There is no overlapping among the speakers in the evaluation data in task1, task2, and task3.
Task 2: Far-Field Text-Independent Speaker Verification from single microphone array
Training Data
The same as the training data for task 1.
Development Data
The same as the development data for task 1.
Evaluation Data
The evaluation data includes 80 speakers and each speaker has 3 visits. In each visit, there are multiple text-independent utterances, The recording from two recording devices for each utterance are provided. These two recording devices include one 25cm distance cellphone and one randomly selected microphone arrays (4 channels per array).
The recording from 25cm distance cellphone will be selected as enrollment and recording from single far-field microphone array will be used for test. For any true trial, the enrollment and the testing utterances are from different visits of the same speaker.
There is no overlapping among the speakers in the evaluation data in task1, task2, and task3.

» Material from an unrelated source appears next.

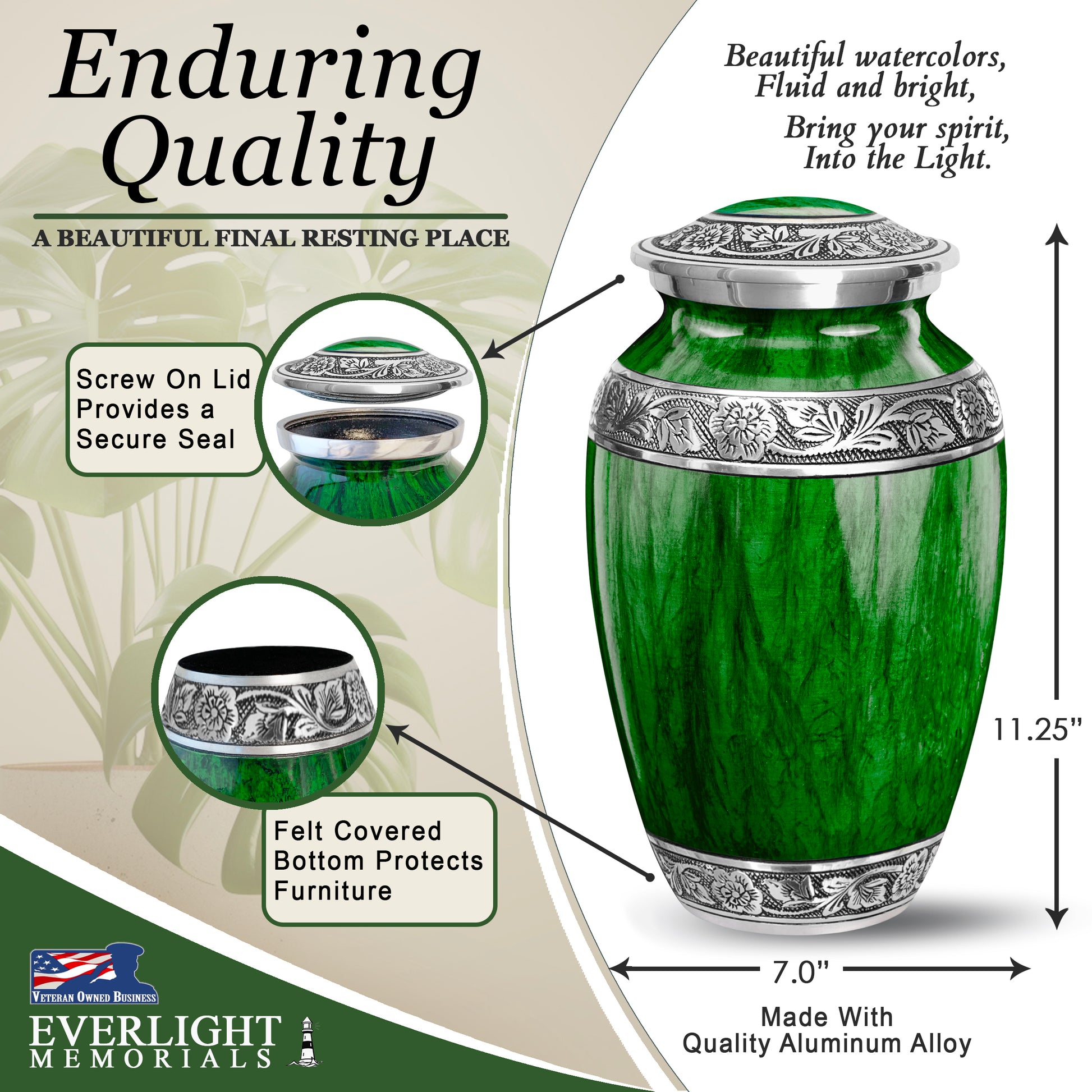 - Secure Closure: Features a threaded lid to ensure the remains are safely contained.

Task 3: Far-Field Text-Dependent Speaker Verification from distributed microphone arrays
Training Data
The same as the training data for task 1.
Development Data
The same as the development data for task 1.
Evaluation Data
The evaluation data includes 80 speakers and each speaker has 3 visits. In each visit, there are multiple (“ni hao mi ya”) utterances. For each utterance, its corresponding recordings from one 25cm distance cellphone and 2-4 randomly selected microphone arrays are provided. For each microphone array, the selected four microphones are equally distributed along the circle with a random start channel index to simulate the scenarios with unknown array orientation angles. (e.g. channel 0,4,8,12; channel 1,5,9,13; channel 6,10,14,2, etc.)
Recording from 25cm distance cellphone will be selected as enrollment and the recordings from 2-4 randomly selected far-field microphone arrays will be used for test. For any true trial, the enrollment and the testing utterances are from different visits of the same speaker.
There is no overlapping among the speakers in the evaluation data in task1, task2, and task3.